Though...you aren't really supposed to wash any knives in the dishwasher, are you?

In terms of cutting boards, what is the difference between something like:
http://www.target.com/p/architec-gripperwood-endgrain-acacia/-/A-10489824#?lnk=sc_qi_detaillink
or 
http://www.bedbathandbeyond.com/product.asp?SKU=16976741&RN=2059& ?
The first one has end grain and the second has the edge-grain, correct?

Does the board thickness matter much?


----------



## xuz (May 4, 2013)

rhondarc said:


> *we'll get a set.* (We'll need it! We have nothing!)



If I could go back, I wouldn't have bought anything that looks like this.






Instead I would have just bought ONE like this.




Well maybe not that particular one, but a chef's knife with good quality steel, balance, and ergonomics.

I didn't even touch most of those knives or the boning knife or the 3 pairing knives they throw in just for embellishments. But they sure do add to the price.

You'll really just need* one knife *to rule them all. A chef's knife.
But you might like to have a second knife (smaller *paring knife*), because you might look silly trying to peel an apple with 8" chef's knife.
But you may want a 3rd (*Serrated/bread knife*), because you eat French bread every other day, and you like to cut them yourself.

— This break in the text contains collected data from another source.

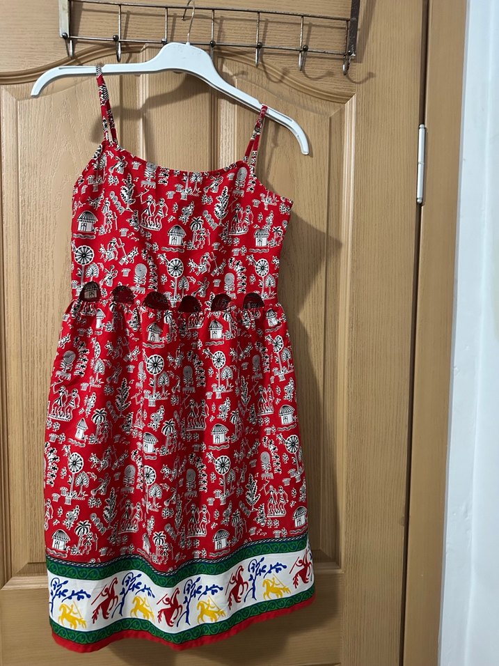 Kız çocuklar için renkli, bohem tarzda, askısız ve fırfırlı detaylı, bol kesim yazlık elbise. Canlı desenli tekstil kumaştan üretilmiştir.
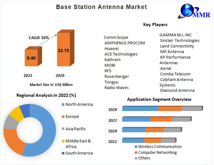 Base Station Antenna Market was valued at US$ 8.40 Bn. in 2022. Global Base Station Antenna Market size is expected to grow at a CAGR of 16% through the forecast period.
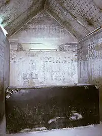 Стены передней и погребальной камер сверху донизу покрывают бесконечные столбцы надписей, сделанных прекраснейшими сине-зелёными иероглифами, а двускатный потолок усеян сине-зелёными звёздами. Надписи на стенах двух главных камер демонстрируют самый продолжительный и удивительный ритуал в честь умершего. Они очень важны, поскольку представляют собой древнейшую версию так называемых «Текстов пирамид».
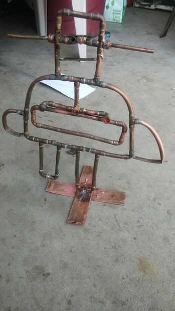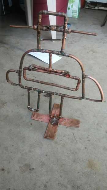 Así que tiene un robot de Instructables totalmente construido, con ninguna forma de hacerlo a pie. Así que miró a su alrededor en mi montón de chatarra y encontré un trozo de tubo de cobre de 1-1/4". Córtelo a la longitud que quería y luego tomó mi trineo de 3 lb y había lo había aplanado. Después de acoplar el tubo yo limpiar para arriba. Luego viraron las piezas de tubería a la parte inferior del robot. Llevó a cabo y no derrumbarse por lo que he limpiado todo y lo para arriba en un estante en el garaje.

Besides, it'd be much more gratifying to buy a knife as you need them with your wife (as you cook more as a couple, because that's what couples do), than buy the whole shebang in one go and not have anything to look forward to.


----------



## xuz (May 4, 2013)

Re: the gyuuto vs santoku.
I could be _completely wrong_ about this since it's anecdotal story that I've heard from here or from there.
(My Japanese neighbor or some such persons.)

Japanese people have gotten (from what point in history? I don't know) very particular about what knives they use for what task and on what raw material.
They'll have certain knives for cutting *fish*, and a different knives for preparing them.
They'll have one knife for cutting *vegetables*, and a different one for cutting different type of veggies.
I've heard that long ago, people used *gyuto* (&#29275;&#20995; = a knife of bovine persuasion) for butchering and preparing beef, but have since been accepted as the Japanese version of chef's knife.

Basically, some people (probably marketing people from Shun or some such company) thought it would be good idea to get rid of all these distinctions, and find one knife that does everything pretty well. After all if Mr. Sakai can use only his chef's knife to create works of art as the Iron Chef, why shouldn't we? Thus came the santoku. Santoku (&#19977;&#24499 means *three virtues*, probably meaning that this knife can be used to deal with the three major food components (the fishes from the sea, the herbs from the mountains, and the livestocks from the fields) that have traditionally been relegated to different type of knives. 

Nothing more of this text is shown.